_Data for the task_
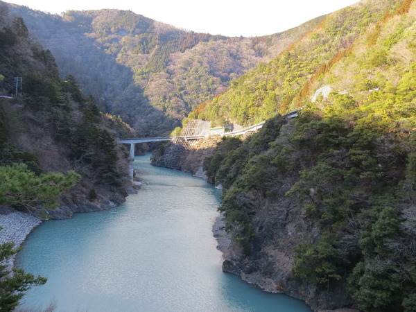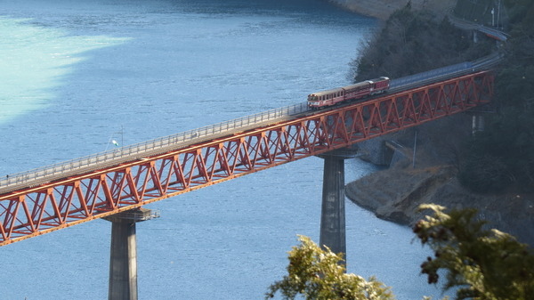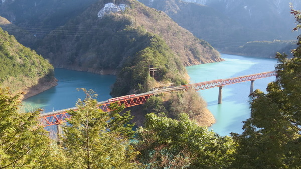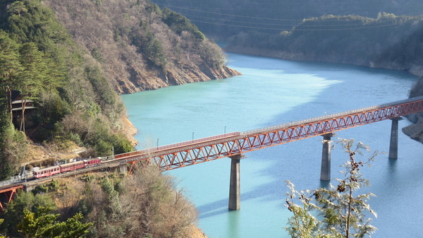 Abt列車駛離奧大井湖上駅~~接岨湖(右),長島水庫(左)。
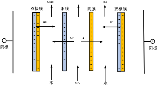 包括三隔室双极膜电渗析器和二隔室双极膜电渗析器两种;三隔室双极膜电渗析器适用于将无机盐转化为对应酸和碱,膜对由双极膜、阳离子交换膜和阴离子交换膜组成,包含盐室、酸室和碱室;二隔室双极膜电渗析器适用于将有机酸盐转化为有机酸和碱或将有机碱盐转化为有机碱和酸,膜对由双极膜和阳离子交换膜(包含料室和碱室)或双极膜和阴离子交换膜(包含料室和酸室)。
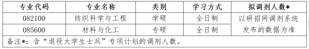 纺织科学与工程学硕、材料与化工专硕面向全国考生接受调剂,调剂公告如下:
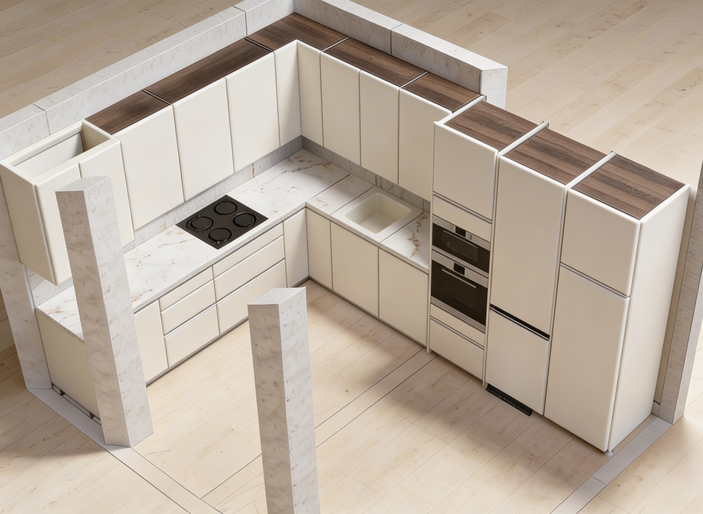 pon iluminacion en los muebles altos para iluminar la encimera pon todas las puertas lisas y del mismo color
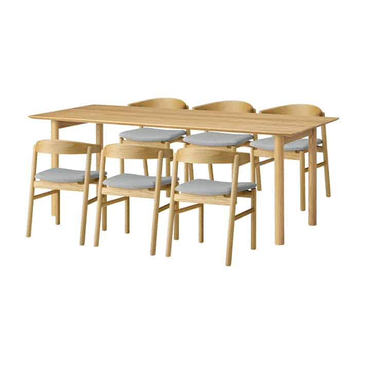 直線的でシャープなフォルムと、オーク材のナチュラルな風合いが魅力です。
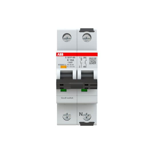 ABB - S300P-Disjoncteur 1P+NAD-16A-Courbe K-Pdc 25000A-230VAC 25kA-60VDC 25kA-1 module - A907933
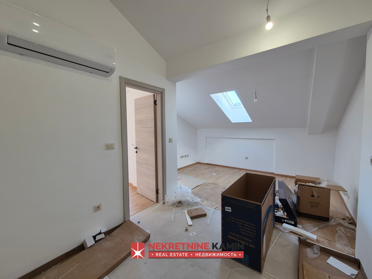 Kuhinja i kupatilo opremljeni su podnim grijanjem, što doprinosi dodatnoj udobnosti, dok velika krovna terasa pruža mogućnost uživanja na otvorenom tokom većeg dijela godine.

_Directions for this task_
Please copy the data above exactly; the pictures do not belong in the copy.

_Answer to the problem_
 Abt列車駛離奧大井湖上駅~~接岨湖(右),長島水庫(左)。
 包括三隔室双极膜电渗析器和二隔室双极膜电渗析器两种;三隔室双极膜电渗析器适用于将无机盐转化为对应酸和碱,膜对由双极膜、阳离子交换膜和阴离子交换膜组成,包含盐室、酸室和碱室;二隔室双极膜电渗析器适用于将有机酸盐转化为有机酸和碱或将有机碱盐转化为有机碱和酸,膜对由双极膜和阳离子交换膜(包含料室和碱室)或双极膜和阴离子交换膜(包含料室和酸室)。
 纺织科学与工程学硕、材料与化工专硕面向全国考生接受调剂,调剂公告如下:
 pon iluminacion en los muebles altos para iluminar la encimera pon todas las puertas lisas y del mismo color
 直線的でシャープなフォルムと、オーク材のナチュラルな風合いが魅力です。
 ABB - S300P-Disjoncteur 1P+NAD-16A-Courbe K-Pdc 25000A-230VAC 25kA-60VDC 25kA-1 module - A907933
 Kuhinja i kupatilo opremljeni su podnim grijanjem, što doprinosi dodatnoj udobnosti, dok velika krovna terasa pruža mogućnost uživanja na otvorenom tokom većeg dijela godine.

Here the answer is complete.